-------- EXTRACTED INFORMATION
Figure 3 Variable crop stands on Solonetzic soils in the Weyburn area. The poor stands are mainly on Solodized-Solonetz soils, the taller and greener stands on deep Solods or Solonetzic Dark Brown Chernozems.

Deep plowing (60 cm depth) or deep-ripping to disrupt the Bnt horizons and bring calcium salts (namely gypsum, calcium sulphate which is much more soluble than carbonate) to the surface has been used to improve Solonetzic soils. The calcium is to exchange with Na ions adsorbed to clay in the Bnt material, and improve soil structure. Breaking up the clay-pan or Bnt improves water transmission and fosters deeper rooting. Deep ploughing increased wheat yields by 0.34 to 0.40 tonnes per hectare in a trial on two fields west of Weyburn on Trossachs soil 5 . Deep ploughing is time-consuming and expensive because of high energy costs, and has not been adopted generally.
----------------
-------- EXTRACTED INFORMATION
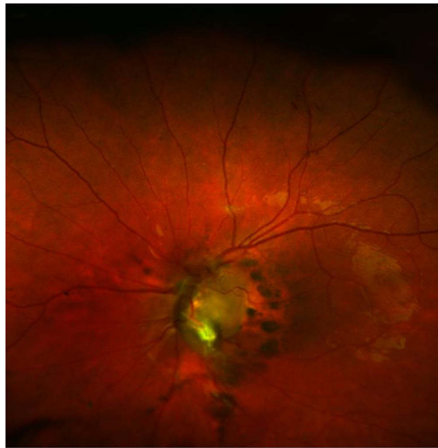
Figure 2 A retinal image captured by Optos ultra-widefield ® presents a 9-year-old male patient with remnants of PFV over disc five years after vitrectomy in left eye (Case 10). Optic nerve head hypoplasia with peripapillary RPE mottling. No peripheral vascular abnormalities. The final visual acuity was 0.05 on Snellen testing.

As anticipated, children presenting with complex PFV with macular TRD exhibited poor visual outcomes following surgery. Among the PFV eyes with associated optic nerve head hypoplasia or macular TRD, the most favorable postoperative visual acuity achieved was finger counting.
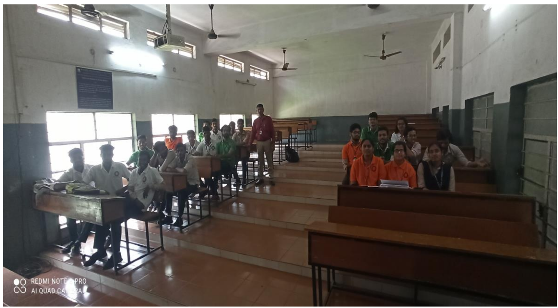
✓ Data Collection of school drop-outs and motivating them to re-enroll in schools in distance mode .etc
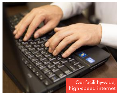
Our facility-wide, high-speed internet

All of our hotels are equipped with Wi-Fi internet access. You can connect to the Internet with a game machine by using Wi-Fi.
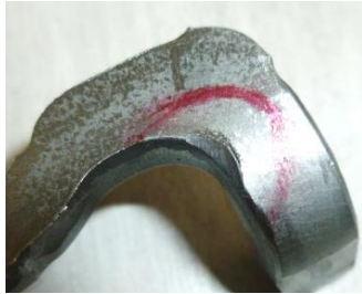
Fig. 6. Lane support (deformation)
----------------
-------- EXTRACTED INFORMATION
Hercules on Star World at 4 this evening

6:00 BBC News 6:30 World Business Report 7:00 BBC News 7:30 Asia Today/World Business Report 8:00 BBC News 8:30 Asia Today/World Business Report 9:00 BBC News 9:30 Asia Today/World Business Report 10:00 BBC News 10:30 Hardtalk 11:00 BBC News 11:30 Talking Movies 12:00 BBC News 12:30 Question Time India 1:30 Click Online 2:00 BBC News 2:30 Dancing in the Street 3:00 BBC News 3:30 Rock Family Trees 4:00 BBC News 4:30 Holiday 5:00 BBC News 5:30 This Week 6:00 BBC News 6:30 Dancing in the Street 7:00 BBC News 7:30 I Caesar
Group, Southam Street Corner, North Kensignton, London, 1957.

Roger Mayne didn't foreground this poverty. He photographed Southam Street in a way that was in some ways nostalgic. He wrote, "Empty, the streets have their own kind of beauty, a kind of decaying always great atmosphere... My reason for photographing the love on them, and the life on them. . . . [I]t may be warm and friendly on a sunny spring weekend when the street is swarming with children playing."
----------------
WHAT NEEDS TO BE DONE -
The lines to set down run from the line with "Figure 2 A retinal" up to and including the line with "Fig. 6. Lane support (deformation)" in the entries above. Reproduce them exactly, with no pictures.

OUTPUT BELOW -
Figure 2 A retinal image captured by Optos ultra-widefield ® presents a 9-year-old male patient with remnants of PFV over disc five years after vitrectomy in left eye (Case 10). Optic nerve head hypoplasia with peripapillary RPE mottling. No peripheral vascular abnormalities. The final visual acuity was 0.05 on Snellen testing.

As anticipated, children presenting with complex PFV with macular TRD exhibited poor visual outcomes following surgery. Among the PFV eyes with associated optic nerve head hypoplasia or macular TRD, the most favorable postoperative visual acuity achieved was finger counting.
✓ Data Collection of school drop-outs and motivating them to re-enroll in schools in distance mode .etc
Our facility-wide, high-speed internet

All of our hotels are equipped with Wi-Fi internet access. You can connect to the Internet with a game machine by using Wi-Fi.
Fig. 6. Lane support (deformation)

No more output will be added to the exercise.